- Born: 27 July 1888 Wimbledon, London, England
- Died: 25 February 1922 Harare, Zimbabwe
- Allegiance: United Kingdom
- Branch: British Army Royal Air Force
- Service years: 1915–1919
- Rank: Lieutenant
- Unit: Royal Engineers No. 98 Squadron RAF
- Awards: Military Cross Legion d'honneur (France)

= Charles Harrison (RAF officer) =

British World War I flying ace

Lieutenant Charles Philip Harrison (born 27 July 1888) was a British World War I flying ace credited with five aerial victories.

==Military service==
Harrison was commissioned as second lieutenant in the Corps of Royal Engineers on 19 November 1915. He served in France and German West Africa, and was promoted to lieutenant on 4 October 1916.

He was seconded to the Royal Flying Corps, and on 17 May 1918 was appointed an observer officer with the rank of second lieutenant, though with the honorary rank of lieutenant. He was posted to No. 98 Squadron, flying in the DH.9. Harrison gained his first victory on 21 April 1918 with Lieutenant A. M. Phillips as pilot, by driving down 'out of control' a Fokker Dr.I over Bailleul. His second came on 8 May, with Lieutenant N. C. MacDonald, when he set on fire an Albatros D.V over Menen–Wervicq. Flying with Lieutenant Frederick Wilton, he accounted for two more Fokker Dr.I's on 16 July, and a Pfalz D.III on 18 July, for a total of five.

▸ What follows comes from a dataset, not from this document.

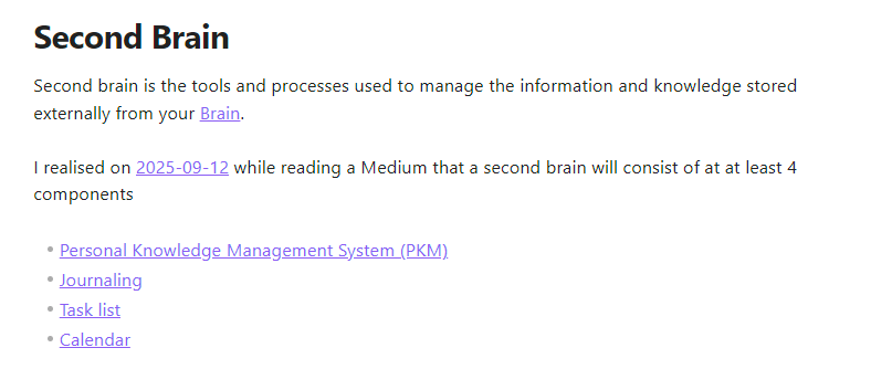 “I realised on 2025-09-12 while reading a Medium that a second brain will consist of at at least 4 components

Harrison was awarded the Military Cross, which was gazetted on 13 September 1918. His citation read:
Temporary Lieutenant Charles Philip Harrison, Royal Engineers, attached Royal Air Force.
For conspicuous gallantry and devotion to duty. This officer was acting as observer when his pilot was severely wounded. He opened fire and shot down the enemy aeroplane, which fell in flames. He then took control of his own machine, which was very badly damaged, his pilot being "hors de combat," and notwithstanding complete inexperience in piloting a machine he managed to bring it safely back to an aerodrome. His skill and courage undoubtedly saved his pilot's life, and prevented the machine from falling into the hands of the enemy.

In late November 1918 he was awarded the Croix de Chevalier of the Legion d'honneur by the French government.

Harrison finally left the RAF, being transferred to the unemployed list on 14 June 1919.